Dataset extract:

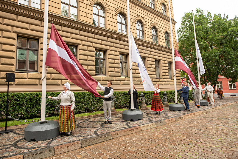 Pirmdien, 7. jūlijā, Saeimā notika svinīga XIII Latvijas Skolu jaunatnes dziesmu un deju svētku koordinatoru pieņemšana. Pasākuma atklāšanā Saeimas pagalmā svinīgi pacelts Dziesmu svētku karogs, iezīmējot ceļu uz gaidītajiem svētkiem.
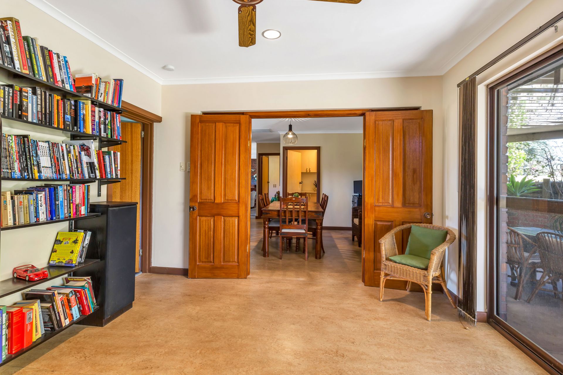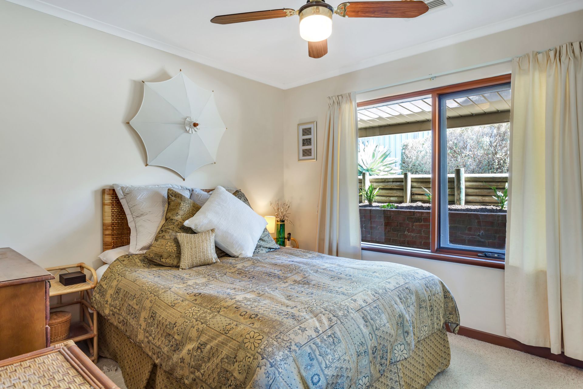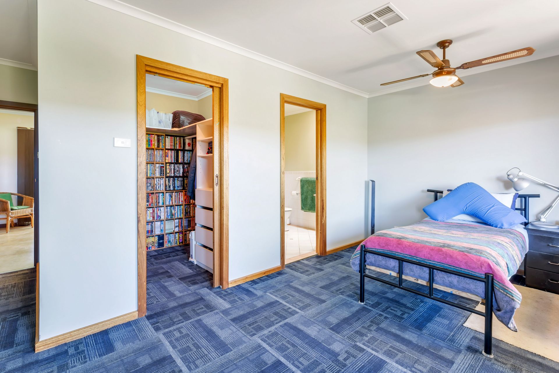 Bedroom 3 would make an ideal guest bedroom. Just off the living area and has a large built in robe with easy access to the main bathroom. All bedrooms have ceiling fans as well as the family rooms and there is ducted reverse cycle air-conditioning throughout.
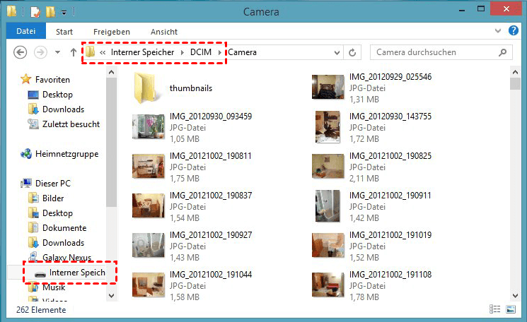Schritt 3. In DCIM können Sie die Fotos kopieren und einfügen oder einfach per Drag-and-Drop an einen Zielort auf Ihrem Laptop ziehen, um Ihr Bild zu speichern.
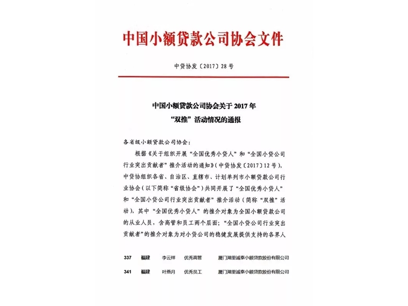 近日,中国小额贷款公司协会正式发文通报了“全国优秀小贷人”和“全国小贷...
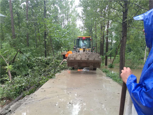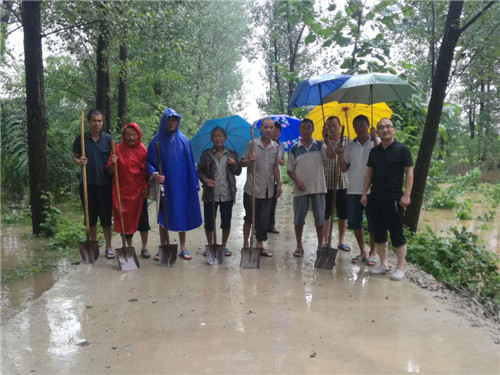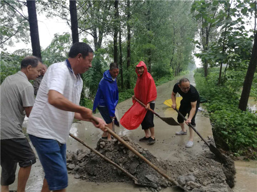 8月19日早7點,陳留張駐村工作隊長李成功、村副主任張建靈發(fā)現(xiàn)險情后,便開始緊急會商,提出科學搶修方案。最后確定,調(diào)用本村的鏟車,利用本村商砼站的石料,組織本村的村民,迅速趕赴事發(fā)地點開展搶修工作。
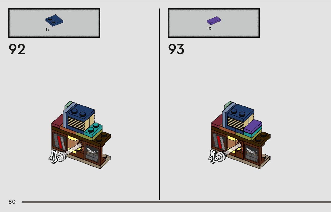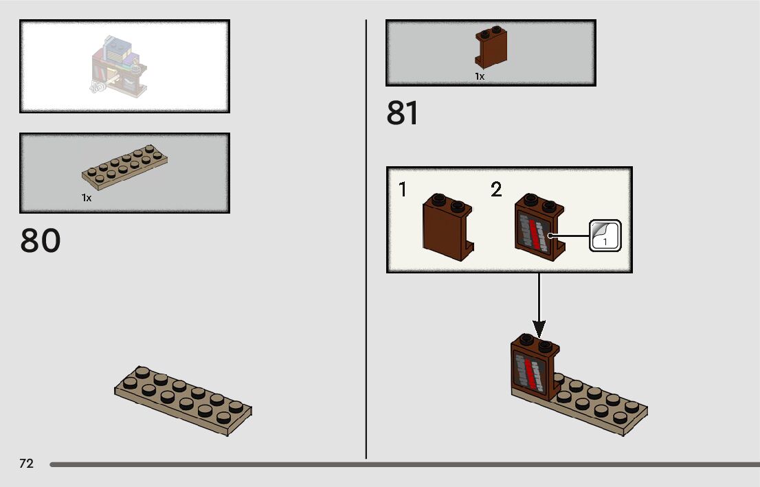 The assembly guide is prepared in a very understandable way for children and adult LEGO enthusiasts. A total of 96 picture galleries are shown, explaining the step-by-step construction stages for 1 different structures.
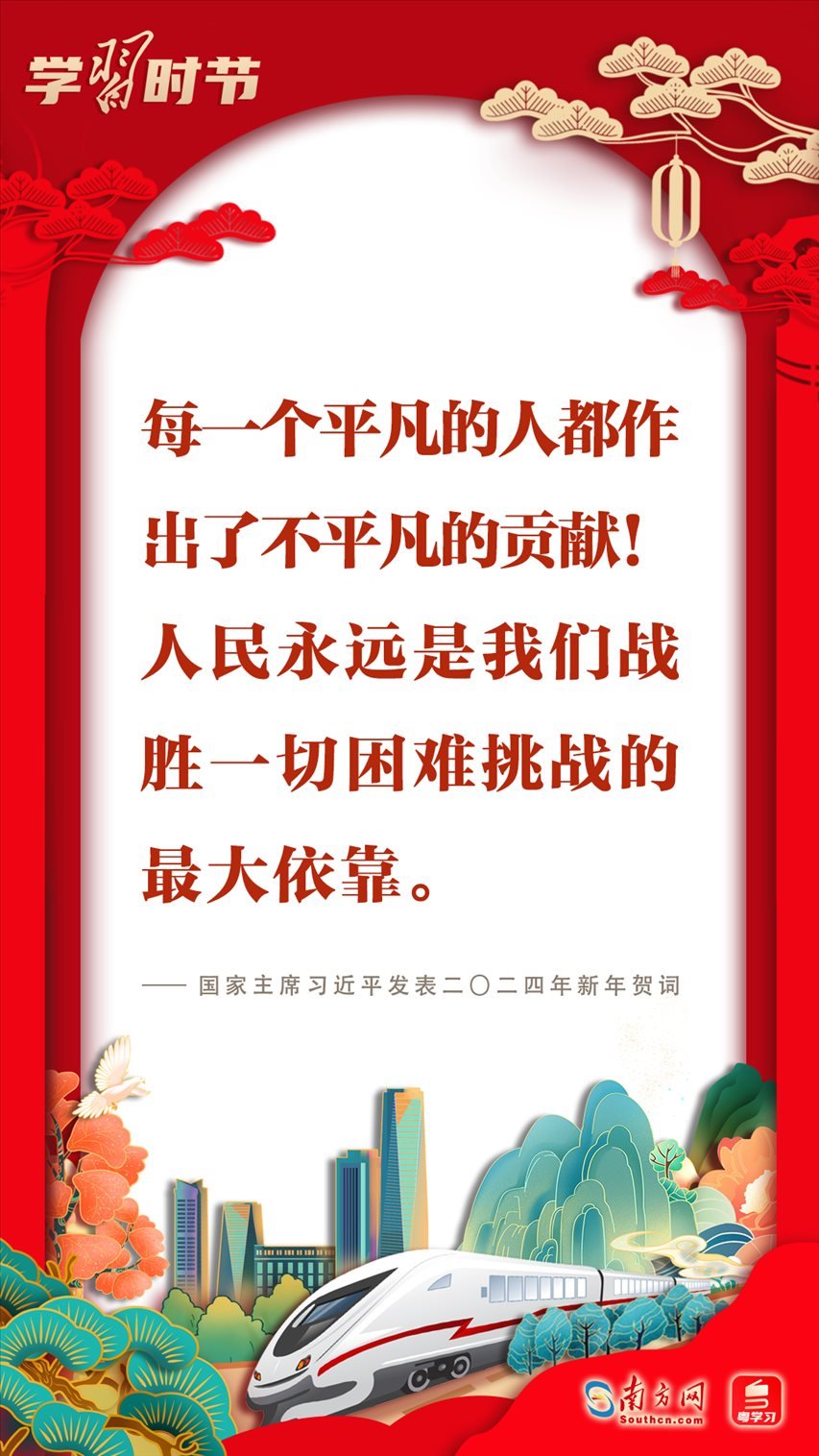 2023年12月31日晚,國(guó)家主席習(xí)近平在北京發(fā)表二〇二四年新年賀詞。賀詞飽含對(duì)廣大人民群眾的深情,彰顯對(duì)中國(guó)發(fā)展的堅(jiān)定信心?;厥走^往,展望未來;砥礪前行,征程再起。讓我們一起在習(xí)近平主席的新年賀詞中感受直抵心靈的溫暖、催人奮進(jìn)的力量!

Activity: Nothing but the lines from the first line of the data through the line with "8月19日早7點,陳留張駐村" belongs in the answer, copied exactly and without pictures.

Completed task:
 Pirmdien, 7. jūlijā, Saeimā notika svinīga XIII Latvijas Skolu jaunatnes dziesmu un deju svētku koordinatoru pieņemšana. Pasākuma atklāšanā Saeimas pagalmā svinīgi pacelts Dziesmu svētku karogs, iezīmējot ceļu uz gaidītajiem svētkiem.
 Bedroom 3 would make an ideal guest bedroom. Just off the living area and has a large built in robe with easy access to the main bathroom. All bedrooms have ceiling fans as well as the family rooms and there is ducted reverse cycle air-conditioning throughout.
Schritt 3. In DCIM können Sie die Fotos kopieren und einfügen oder einfach per Drag-and-Drop an einen Zielort auf Ihrem Laptop ziehen, um Ihr Bild zu speichern.
 近日,中国小额贷款公司协会正式发文通报了“全国优秀小贷人”和“全国小贷...
 8月19日早7點,陳留張駐村工作隊長李成功、村副主任張建靈發(fā)現(xiàn)險情后,便開始緊急會商,提出科學搶修方案。最后確定,調(diào)用本村的鏟車,利用本村商砼站的石料,組織本村的村民,迅速趕赴事發(fā)地點開展搶修工作。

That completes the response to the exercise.